И наконец, Чарли Давенпорт, взъерошенный, вспыльчивый и слишком раздобревший для своих тридцати. Неторопливый и неуклюжий, он вечно выглядел так, словно спал не раздеваясь, что, собственно, нередко и делал после затянувшегося рабочего дня.
Чарли был специалистом по генетическим алгоритмам, разновидности программ, имитирующих процессы естественного отбора. А в общении Чарли всем действовал на нервы – он то и дело что-то напевал себе под нос, всхрапывал, разговаривал сам с собой и пукал, громко и самозабвенно. Его терпели лишь за несомненный талант.
– Для этого дела действительно требуются трое? – осведомился Рикки.
– Да, – ответил Бобби. – Поскольку дело сложное. После утреннего эпизода я проверил датчики, и, на мой взгляд, они откалиброваны неверно. Мэй хорошо знает эти датчики, она пользовалась ими в Китае и сейчас пересматривает их программу. А Чарли торчит здесь потому, что не желает уйти и оставить нас в покое.
– Вообще-то у меня есть занятие и получше, – отозвался Чарли. – Но мне придется оптимизировать программу датчиков, когда эти двое покончат со своей ерундой. – Он глянул на Бобби: – Ни один из них вообще ни черта оптимизировать не может.
– Бобби может, – сказала Мэй.
– Ну да, за полгода он, глядишь, и справится.
– Ребята, – сказал Рикки, – давайте не будем устраивать сцен перед нашим гостем.
Я вежливо улыбнулся. По правде сказать, я не обращал внимания на то, что они говорят, а просто приглядывался к ним. Эти трое были лучшими моими программистами. Работая со мной, все они отличались самоуверенностью, граничащей с высокомерием. Теперь же меня поразила нервозность и издерганность этой компании. А обобщив свои впечатления, я понял, что и Рози с Дэвидом тоже на грани нервного срыва.
– Заканчивайте побыстрее, – сказал Рикки, – и возвращайтесь на рабочие места.
Покинув эту троицу, мы перешли в маленькую комнату, расположенную на том же этаже.

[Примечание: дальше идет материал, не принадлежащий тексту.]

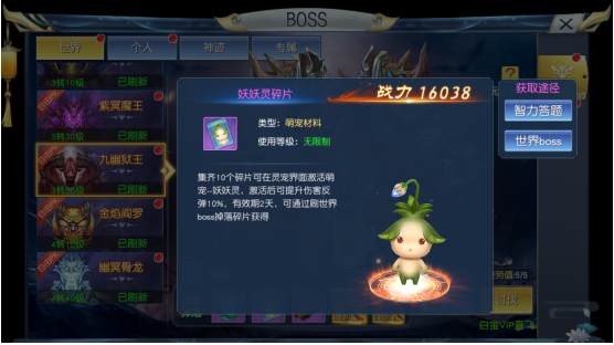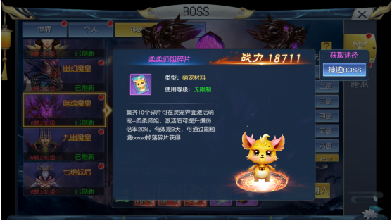世界boss有几率掉落极品装备,还有机会掉落法阵和萌宠—妖妖灵。

– Все сейчас немного нервничают, – сказал Рикки, останавливаясь перед небольшим отсеком в дальнем конце комнаты.
– Из-за чего?
– Из-за того, что здесь происходит.
– А что здесь происходит?
Рикки приложил к двери карточку-ключ, замок щелкнул, мы вошли внутрь отсека. Я увидел стол, два кресла, монитор и клавиатуру компьютера. Рикки уселся и сразу защелкал по клавишам.
– Проект получения медицинских изображений, над которым работала Джулия, возник попутно, – сказал он, – как коммерческое приложение технологии, которую мы уже разрабатывали.
– Для чего?
– Для военных.
– «Ксимос» работает на военных?
– Да. По контракту. – Он помолчал. – Два года назад Министерство обороны, проанализировав приобретенный в Боснии опыт, осознало ценность беспилотных самолетов-разведчиков.
– Так…
– Очевидно, однако, – продолжал Рикки, – что самолеты-разведчики уязвимы. Пентагону требовалось нечто такое, что невозможно было бы сбить, нечто размером, скажем, со стрекозу. Однако тут возникают проблемы с питанием и разрешающей способностью линз. Линзы требовались большие.
Я кивнул:
– И потому вы сразу подумали о рое нанокомпокент.
– Совершенно верно. Облако таких компонент позволило бы создать камеру с линзами любой величины. А сбить его было бы невозможно, поскольку пуля просто проходила бы сквозь облако. К тому же оно способно рассеиваться, как стая птиц при ружейном выстреле. Тогда камера становится попросту невидимой до тех пор, пока не сгруппируется снова. Так что это казалось идеальным решением. Пентагон предоставил нам трехгодичное субсидирование.
– И что?
– Разумеется, сразу стало очевидно, что перед нами стоит проблема распределенного разума.